Dalla Rivoluzione alla disobbedienza

Costanzo Preve è stato un filosofo, e non è poco nel tempo dei mercanti della filosofia, e fu maestro nella scrittura. Grafomane lo era, e nell’immensa e, a volte ancora sconosciuta produzione, vi sono testi d’autore che toccano con maestria non comune plessi teorici del nostro tempo ricostruendoli all’interno della cornice del concetto. Il nostro è il tempo del “desiderio” che ha divorato i “bisogni autentici”. Il capitalismo si nutre di desideri indotti, esso reifica mediante l’ipertrofia del soggetto narcisistico che si spazializza fino a consumarsi nell’estroflessione nichilistica. Il desiderio riduce il soggetto ad autoreferenzialità e lo rende presenza derealizzata. Si attacca il soggetto con la distopia del desiderio per uccidere la politica. Il soggetto spazializzato è eternamente indefinito in quanto ha rinunciato all’agire politico per l’adattamento al mercato con la sua ridda di desideri.

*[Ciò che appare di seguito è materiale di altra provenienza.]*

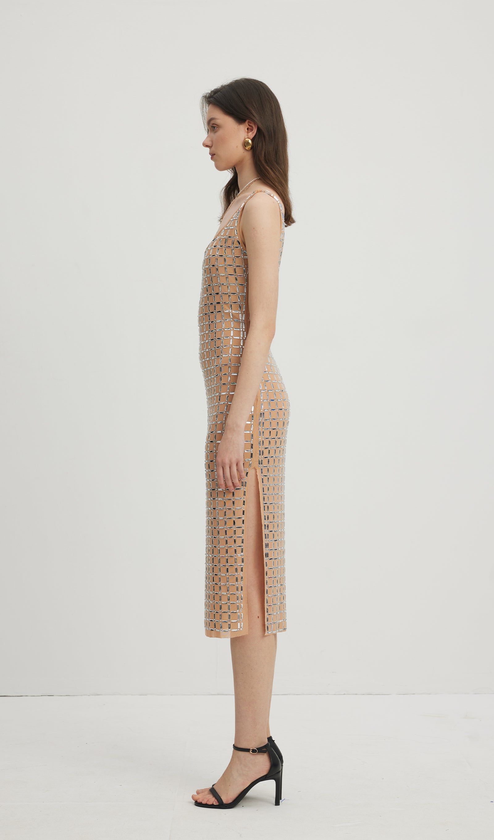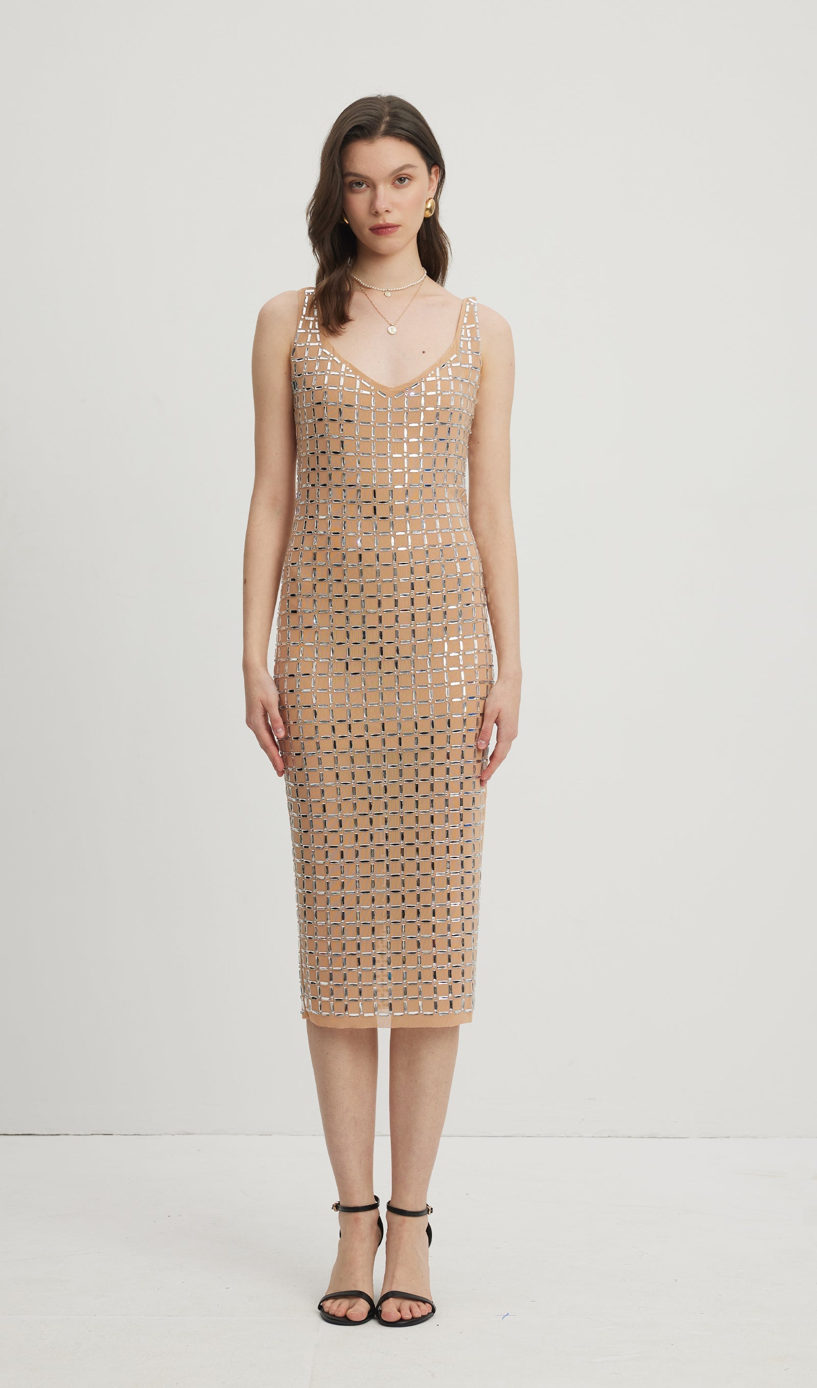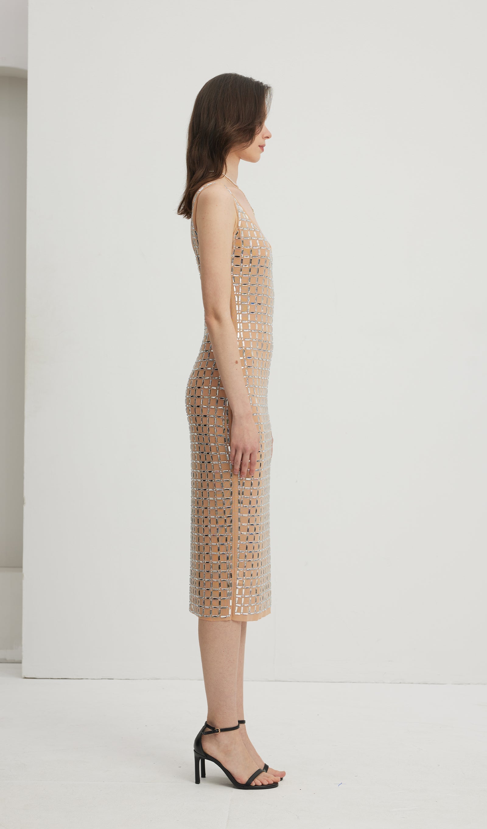 Süslemeli Sırtı Açık Midi Elbise Nude

Lo sfruttamento è così perenne; al lavoro e nel privato si desidera ciò che il mercato vuole fino ad appartenergli. Si è sconosciuti, di conseguenza, a se stessi e al mondo e le relazioni si mutano in un inferno incomprensibile e al capezzale del soggetto indefinito giungono i professionisti della resilienza a curare i sintomi del “male” per celare la “verità”. Il pensiero è, così, calcolo del solo piacere personale; il mondo storico si inabissa e riemerge la “barbarie seconda del nostro tempo.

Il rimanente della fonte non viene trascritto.